## Requirement:
A line below contains "Groba cheese dosing", and a later one contains "盛夏之时,酷暑高温,在大街小". Repeat both, with every line between them, exactly.

## Information provided:
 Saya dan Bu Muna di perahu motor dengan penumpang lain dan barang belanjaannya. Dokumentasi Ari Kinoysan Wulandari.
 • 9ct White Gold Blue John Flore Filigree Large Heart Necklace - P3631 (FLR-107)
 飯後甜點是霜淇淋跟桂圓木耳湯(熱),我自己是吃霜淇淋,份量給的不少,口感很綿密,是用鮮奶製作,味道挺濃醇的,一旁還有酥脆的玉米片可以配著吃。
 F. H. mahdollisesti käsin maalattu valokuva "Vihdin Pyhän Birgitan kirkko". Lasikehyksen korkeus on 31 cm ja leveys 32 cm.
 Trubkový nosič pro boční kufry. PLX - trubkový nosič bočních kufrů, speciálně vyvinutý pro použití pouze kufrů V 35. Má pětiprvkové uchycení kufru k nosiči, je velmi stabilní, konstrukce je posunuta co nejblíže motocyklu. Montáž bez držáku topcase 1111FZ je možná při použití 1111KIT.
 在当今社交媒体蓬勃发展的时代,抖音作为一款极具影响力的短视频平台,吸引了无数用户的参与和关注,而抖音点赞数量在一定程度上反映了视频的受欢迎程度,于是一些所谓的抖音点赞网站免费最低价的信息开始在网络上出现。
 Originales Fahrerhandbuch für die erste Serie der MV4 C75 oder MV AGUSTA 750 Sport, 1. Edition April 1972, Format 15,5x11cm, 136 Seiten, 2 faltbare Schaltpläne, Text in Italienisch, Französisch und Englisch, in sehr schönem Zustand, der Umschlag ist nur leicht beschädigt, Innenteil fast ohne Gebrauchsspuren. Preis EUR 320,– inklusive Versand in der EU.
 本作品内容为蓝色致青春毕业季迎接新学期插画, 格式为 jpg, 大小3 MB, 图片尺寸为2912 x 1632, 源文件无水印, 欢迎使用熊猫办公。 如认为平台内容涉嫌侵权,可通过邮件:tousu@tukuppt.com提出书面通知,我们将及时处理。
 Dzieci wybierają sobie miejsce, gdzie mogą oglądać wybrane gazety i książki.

...

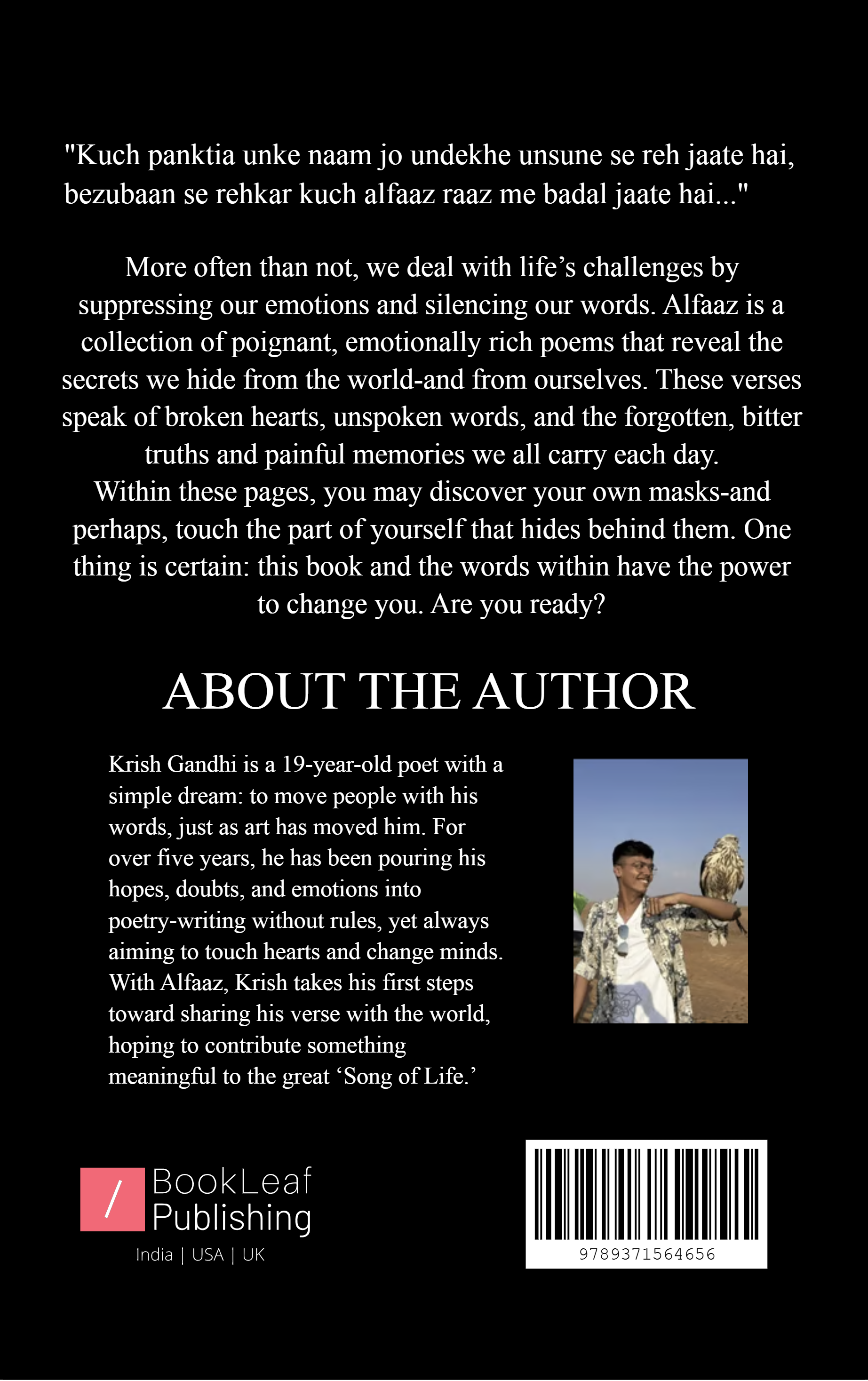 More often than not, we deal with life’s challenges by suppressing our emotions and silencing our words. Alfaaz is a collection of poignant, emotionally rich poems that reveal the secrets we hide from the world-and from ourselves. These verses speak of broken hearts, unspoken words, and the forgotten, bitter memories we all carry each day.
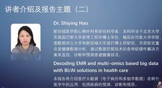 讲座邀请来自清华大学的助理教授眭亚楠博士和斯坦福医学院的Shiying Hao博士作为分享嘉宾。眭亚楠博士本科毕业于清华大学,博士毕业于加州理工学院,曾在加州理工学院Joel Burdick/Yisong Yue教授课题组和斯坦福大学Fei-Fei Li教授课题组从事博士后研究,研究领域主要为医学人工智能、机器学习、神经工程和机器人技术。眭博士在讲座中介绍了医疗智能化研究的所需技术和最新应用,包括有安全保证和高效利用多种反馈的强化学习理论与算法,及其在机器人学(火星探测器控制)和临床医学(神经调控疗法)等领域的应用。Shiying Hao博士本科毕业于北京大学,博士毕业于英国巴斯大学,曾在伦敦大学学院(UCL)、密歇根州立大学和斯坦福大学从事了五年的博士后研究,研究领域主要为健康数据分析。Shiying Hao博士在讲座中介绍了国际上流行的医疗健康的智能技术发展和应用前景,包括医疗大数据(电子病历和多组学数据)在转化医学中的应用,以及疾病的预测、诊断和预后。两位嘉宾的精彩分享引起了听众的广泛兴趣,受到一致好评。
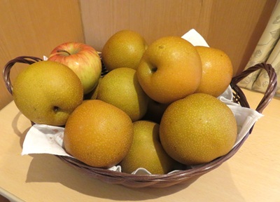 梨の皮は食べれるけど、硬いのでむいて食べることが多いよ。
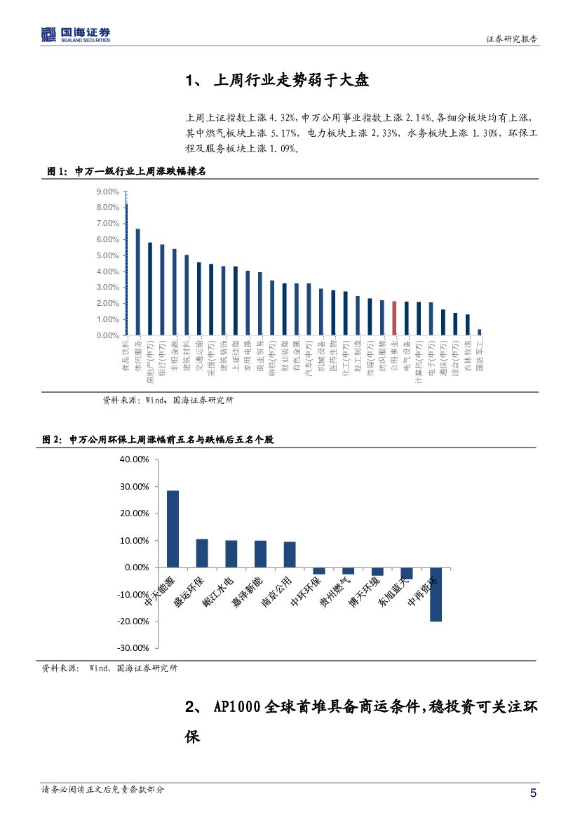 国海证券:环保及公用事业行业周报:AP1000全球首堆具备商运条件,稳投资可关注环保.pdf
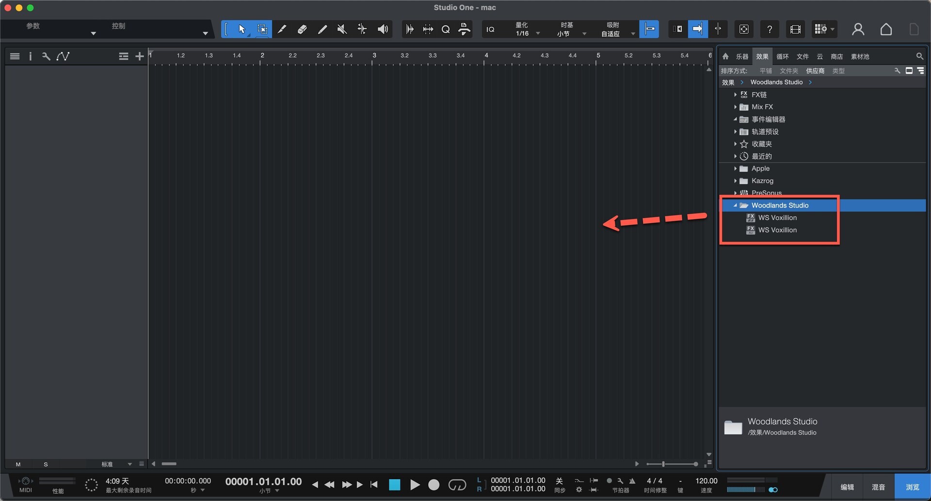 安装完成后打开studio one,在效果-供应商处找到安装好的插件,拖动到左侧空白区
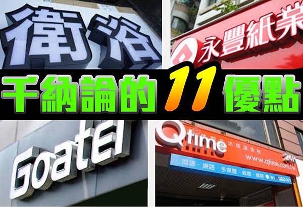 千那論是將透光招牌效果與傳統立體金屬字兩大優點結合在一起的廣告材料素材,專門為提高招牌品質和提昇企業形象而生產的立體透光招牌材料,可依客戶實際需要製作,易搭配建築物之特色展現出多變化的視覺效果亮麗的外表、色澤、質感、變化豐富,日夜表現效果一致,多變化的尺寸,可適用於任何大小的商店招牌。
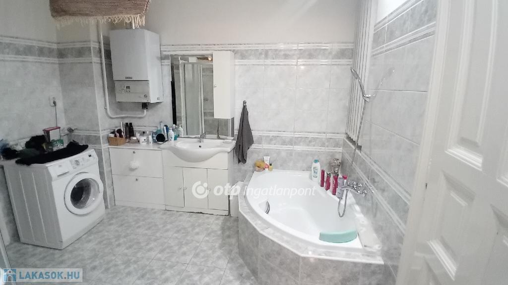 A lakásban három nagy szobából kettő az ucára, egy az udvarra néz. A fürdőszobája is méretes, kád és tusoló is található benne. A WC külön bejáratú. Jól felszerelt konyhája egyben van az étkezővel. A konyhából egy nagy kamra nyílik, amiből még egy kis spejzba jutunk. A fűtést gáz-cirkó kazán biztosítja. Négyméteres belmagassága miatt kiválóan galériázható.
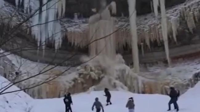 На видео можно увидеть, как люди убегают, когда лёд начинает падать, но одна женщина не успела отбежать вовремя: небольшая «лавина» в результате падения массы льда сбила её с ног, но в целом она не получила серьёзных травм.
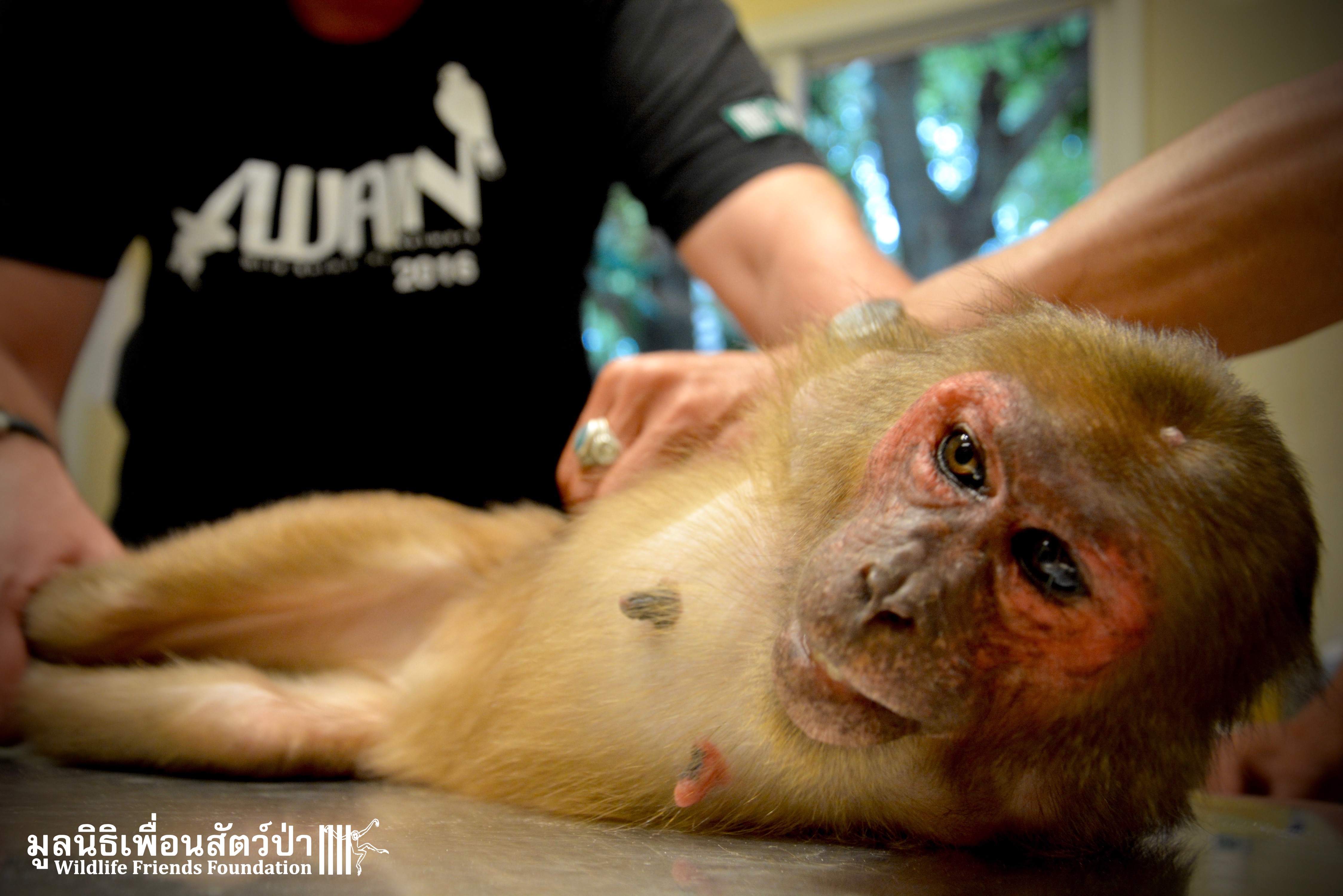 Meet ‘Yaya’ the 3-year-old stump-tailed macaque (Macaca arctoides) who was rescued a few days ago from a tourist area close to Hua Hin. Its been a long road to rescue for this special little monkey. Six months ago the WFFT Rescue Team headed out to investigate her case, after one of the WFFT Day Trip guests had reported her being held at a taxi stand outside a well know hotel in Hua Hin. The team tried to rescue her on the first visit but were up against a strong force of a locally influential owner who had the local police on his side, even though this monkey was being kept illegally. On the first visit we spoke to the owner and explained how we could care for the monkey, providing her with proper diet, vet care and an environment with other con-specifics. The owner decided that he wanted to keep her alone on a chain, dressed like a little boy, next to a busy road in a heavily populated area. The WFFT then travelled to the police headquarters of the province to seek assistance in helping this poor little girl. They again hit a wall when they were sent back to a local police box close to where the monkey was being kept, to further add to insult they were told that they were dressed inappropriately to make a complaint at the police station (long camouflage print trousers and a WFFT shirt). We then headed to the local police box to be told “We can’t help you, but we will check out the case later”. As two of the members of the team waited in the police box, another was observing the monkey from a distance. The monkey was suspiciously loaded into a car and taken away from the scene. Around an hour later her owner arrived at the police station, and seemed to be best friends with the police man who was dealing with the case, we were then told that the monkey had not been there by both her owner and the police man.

...

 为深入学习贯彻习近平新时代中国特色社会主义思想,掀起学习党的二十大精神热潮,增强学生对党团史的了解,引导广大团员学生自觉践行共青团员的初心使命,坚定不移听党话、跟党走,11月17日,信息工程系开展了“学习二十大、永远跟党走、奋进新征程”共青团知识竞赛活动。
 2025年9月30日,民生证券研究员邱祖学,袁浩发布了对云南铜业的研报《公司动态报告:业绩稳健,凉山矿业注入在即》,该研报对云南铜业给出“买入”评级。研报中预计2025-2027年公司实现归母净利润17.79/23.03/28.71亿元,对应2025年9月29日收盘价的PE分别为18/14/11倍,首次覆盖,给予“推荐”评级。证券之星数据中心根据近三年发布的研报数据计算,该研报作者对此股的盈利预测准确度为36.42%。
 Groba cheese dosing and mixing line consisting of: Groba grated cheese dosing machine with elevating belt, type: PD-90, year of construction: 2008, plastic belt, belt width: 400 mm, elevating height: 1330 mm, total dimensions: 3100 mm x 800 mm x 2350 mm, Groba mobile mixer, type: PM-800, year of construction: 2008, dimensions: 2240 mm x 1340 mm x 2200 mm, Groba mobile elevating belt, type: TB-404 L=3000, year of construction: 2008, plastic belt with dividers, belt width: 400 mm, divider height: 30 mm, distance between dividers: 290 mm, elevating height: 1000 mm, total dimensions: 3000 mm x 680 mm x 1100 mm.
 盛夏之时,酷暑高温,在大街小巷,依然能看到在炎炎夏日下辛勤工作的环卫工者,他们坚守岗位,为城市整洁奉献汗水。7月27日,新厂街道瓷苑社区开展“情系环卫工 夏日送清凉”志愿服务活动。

## Completed exercise:
 Groba cheese dosing and mixing line consisting of: Groba grated cheese dosing machine with elevating belt, type: PD-90, year of construction: 2008, plastic belt, belt width: 400 mm, elevating height: 1330 mm, total dimensions: 3100 mm x 800 mm x 2350 mm, Groba mobile mixer, type: PM-800, year of construction: 2008, dimensions: 2240 mm x 1340 mm x 2200 mm, Groba mobile elevating belt, type: TB-404 L=3000, year of construction: 2008, plastic belt with dividers, belt width: 400 mm, divider height: 30 mm, distance between dividers: 290 mm, elevating height: 1000 mm, total dimensions: 3000 mm x 680 mm x 1100 mm.
 盛夏之时,酷暑高温,在大街小巷,依然能看到在炎炎夏日下辛勤工作的环卫工者,他们坚守岗位,为城市整洁奉献汗水。7月27日,新厂街道瓷苑社区开展“情系环卫工 夏日送清凉”志愿服务活动。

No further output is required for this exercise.